• Task item:
In the records below, find the line that contains "이번 사업은 전라남도" and the line that contains "Manómetro de presión"; write out exactly those two lines and everything between them, without the pictures.

• Information provided:
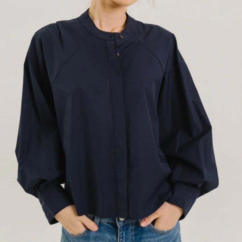 Blouse courte en viscose fluide. Ses manches raglan amples, subtilement structurées par un pli au poignet, apportent volume et légèreté à la silhouette.
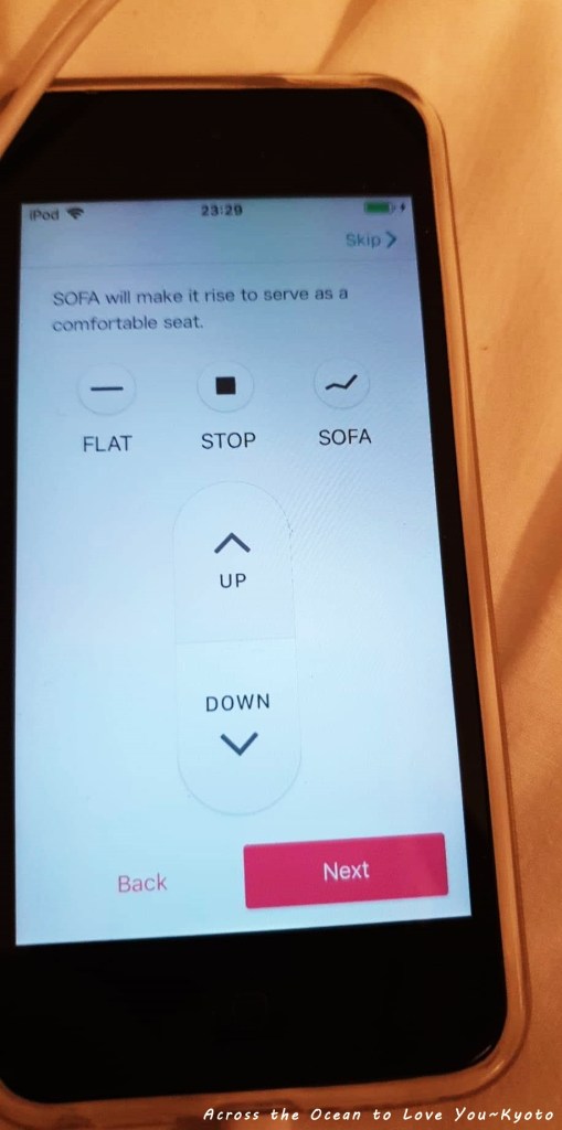The Millennials Kyoto(京都千禧一代膠囊旅館)最大特色就是這個設計,用Iphone設定床Flat或是升起當Sofa。
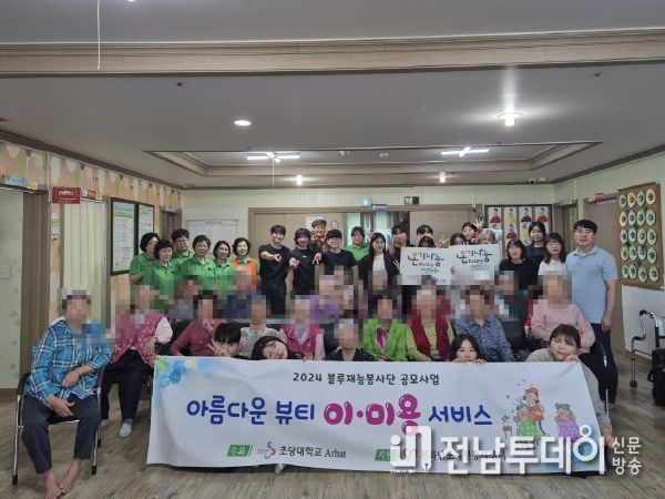 이번 사업은 전라남도 자원봉사센터 주관 2024 블루재능봉사단 우수프로그램 공모사업에 초당대학교 아라한 동아리가 선정되어 추진됐으며, 노인복지시설에 계시는 어르신들께 이․미용, 염색, 네일아트, 마사지 등의 뷰티케어 서비스를 해드렸다.
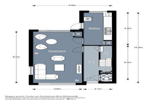 Het adres van deze woning uit 1962 is Freule van Dorthstraat 58 te Winterswijk. Het pand heeft een oppervlakte van 98m² en een perceeloppervlakte van 258m² en heeft 4 kamers kamers waarvan 3 slaapkamers. De geschatte waarde van deze woning is € 159.000.
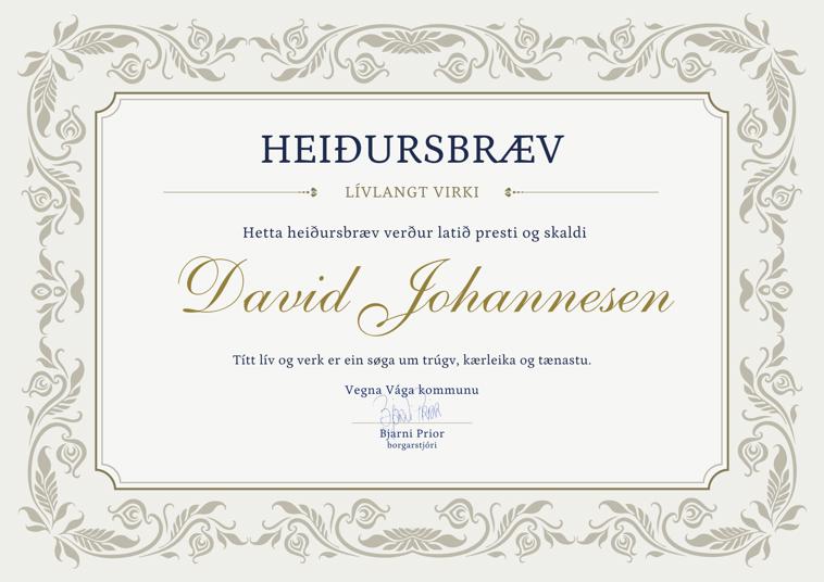Tað er við stoltleika, at Vága kommuna í dag heiðrar teg David, við hesum heiðursbrævi, sum Mentanar- og trivnaðarnevndin einmælt samtykti at lata tær sum tøkk fyri títt ótroyttiliga arbeiði sum prestur. Hetta er ein viðurkenning fyri títt stóra íkast til okkara kirkju, samfelag og mentan. Tín skaldskapur hevur ríka okkara kirkjuliði og ta føroyska málið.
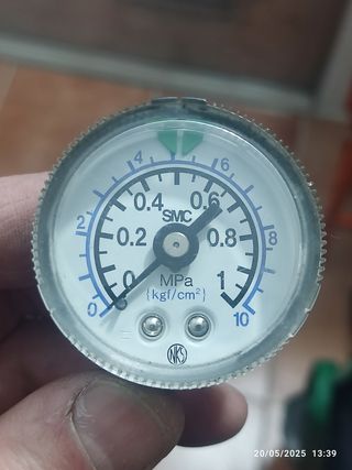 Manómetro de presión SMC G-46 en buen estado. - Marca: SMC - Modelo: G-46 - Rango de medición: 0-1 MPa (0-10 kgf/cm²) - Conexión: Rosca macho (ver imagen) - Incluye 2 tornillos de fijación.
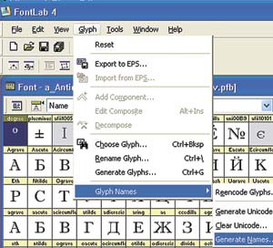 Хотя корректировка знакового ряда не имеет прямого отношения к теме статьи, однако она наглядно демонстрирует возможность FontLab по решению конкретных производственных задач. Отметим, что задачу корректировки знакового состава шрифта можно рассматривать и в расширенной постановке. Например, в качестве исходного материала может быть выбран латинский шрифт, к которому по описанной методике могут добавляться знаки кириллицы. При этом стоит напомнить, что из среды FontLab могут генерироваться не только OpenType, но и PostScript и TrueTypeшрифты. Это, в свою очередь, дает возможность использовать полученный шрифтовой материал в старых версиях операционных систем, а также в «неюникодных» графических и издательских приложениях.
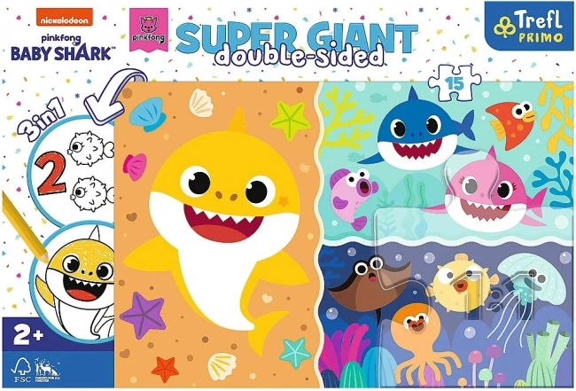 Riesiges Baby‑Shark‑Puzzle aus der Reihe Trefl Primo vereint bis zu drei verschiedene, unterhaltsame Aktivitäten in einem. Dieses große Puzzle besteht aus 15 Teilen, die speziell für kleine Kinder und die Förderung ihrer Feinmotorik sowie visuellen Wahrnehmung gestaltet wurden. Einfache, farbenfrohe Grafiken mit großen Figuren regen zum Entdecken und selbstständigen Puzzeln an.
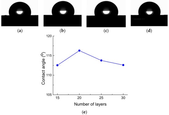 Variation of contact angle of CHA coatings with increasing number of layers (e) and the images of water drops on CHA surfaces coated with (a) 15, (b) 20, (c) 25, and (d) 30 sol-gel layers.
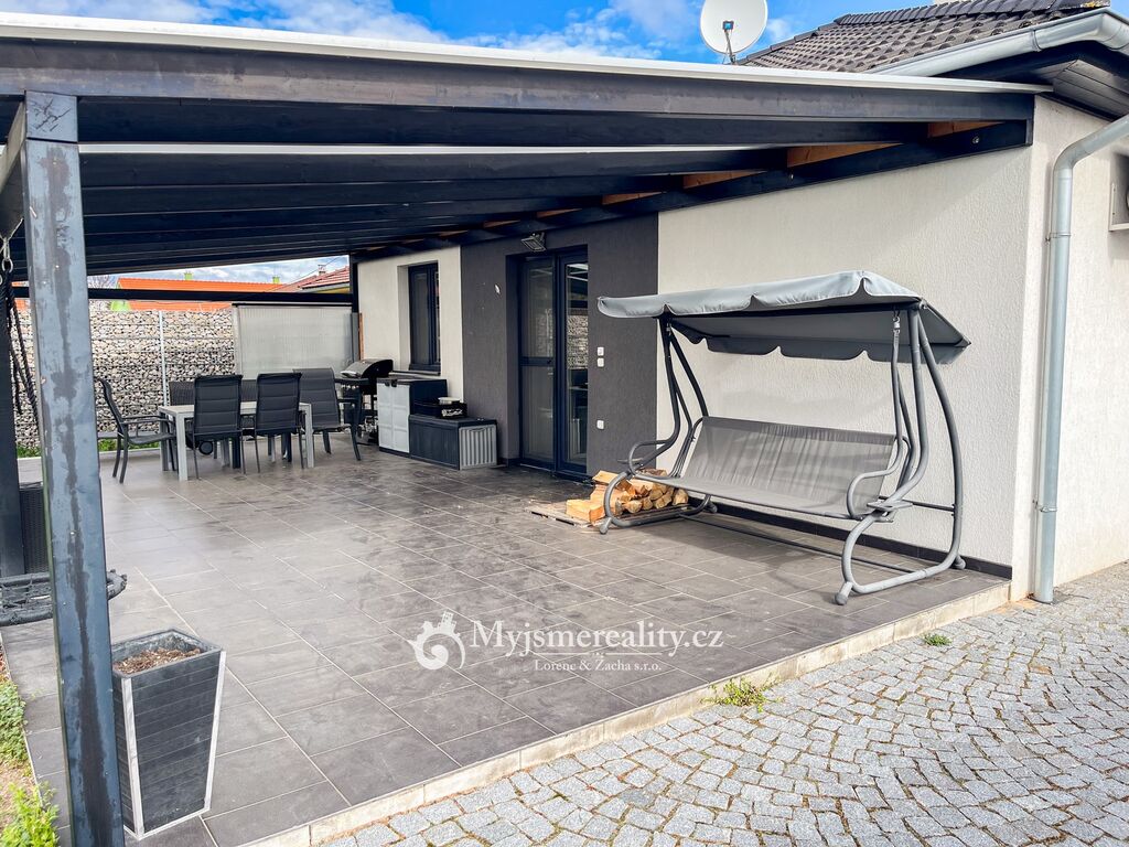 V zastoupení majitele Vám nabízíme na prodej rodinný dům v obci Chvalovice o dispozici 4+kk se samostatnou garáží a prostorem pro podnikání. Dům je umístěný na rovinatém pozemku o celkové výměře 1125 m2. Jedná se o přízemní stavbu o dispozici 4+kk, která nabízí tři pokoje, kuchyň spojenou s obývacím pokojem, koupelnu s vanou, sprchovým koutem, toaletou a samostatnou toaletu. Z obývacího pokoje je vstup na prostornou zastřešenou terasu.
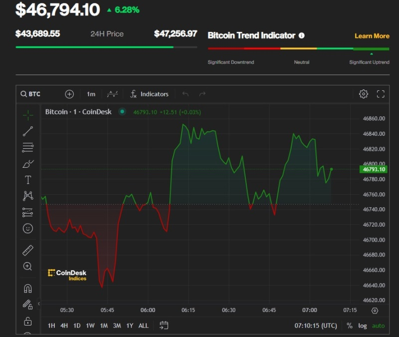 Ontem, a taxa do Bitcoin ultrapassou US$ 47.000 pela primeira vez desde abril de 2022. Isso ocorre em meio às expectativas de que a Comissão de Valores Mobiliários dos EUA (SEC) aprovará o lançamento do primeiro fundo negociado em bolsa (ETF) Bitcoin à vista. No momento em que escrevo esta nota, o custo da criptomoeda mais popular do mundo havia caído um pouco e era de cerca de US$ 46.800 por moeda (dados do CoinDesk).
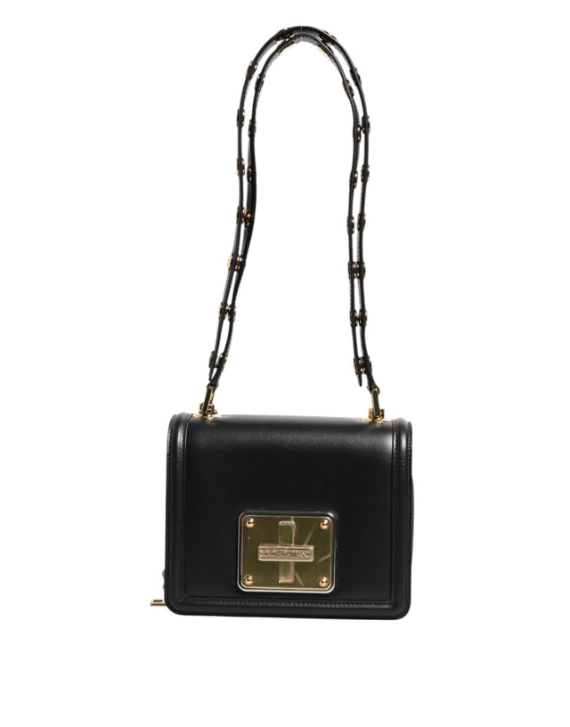 Gorgeous brand new, 100% Authentic Dolce & Gabbana bag in smooth calf leather and cotton fabric features studded adjustable shoulder strap, flap top with engraved logo turn-lock/zip closures.

• Written response:
 이번 사업은 전라남도 자원봉사센터 주관 2024 블루재능봉사단 우수프로그램 공모사업에 초당대학교 아라한 동아리가 선정되어 추진됐으며, 노인복지시설에 계시는 어르신들께 이․미용, 염색, 네일아트, 마사지 등의 뷰티케어 서비스를 해드렸다.
 Het adres van deze woning uit 1962 is Freule van Dorthstraat 58 te Winterswijk. Het pand heeft een oppervlakte van 98m² en een perceeloppervlakte van 258m² en heeft 4 kamers kamers waarvan 3 slaapkamers. De geschatte waarde van deze woning is € 159.000.
Tað er við stoltleika, at Vága kommuna í dag heiðrar teg David, við hesum heiðursbrævi, sum Mentanar- og trivnaðarnevndin einmælt samtykti at lata tær sum tøkk fyri títt ótroyttiliga arbeiði sum prestur. Hetta er ein viðurkenning fyri títt stóra íkast til okkara kirkju, samfelag og mentan. Tín skaldskapur hevur ríka okkara kirkjuliði og ta føroyska málið.
 Manómetro de presión SMC G-46 en buen estado. - Marca: SMC - Modelo: G-46 - Rango de medición: 0-1 MPa (0-10 kgf/cm²) - Conexión: Rosca macho (ver imagen) - Incluye 2 tornillos de fijación.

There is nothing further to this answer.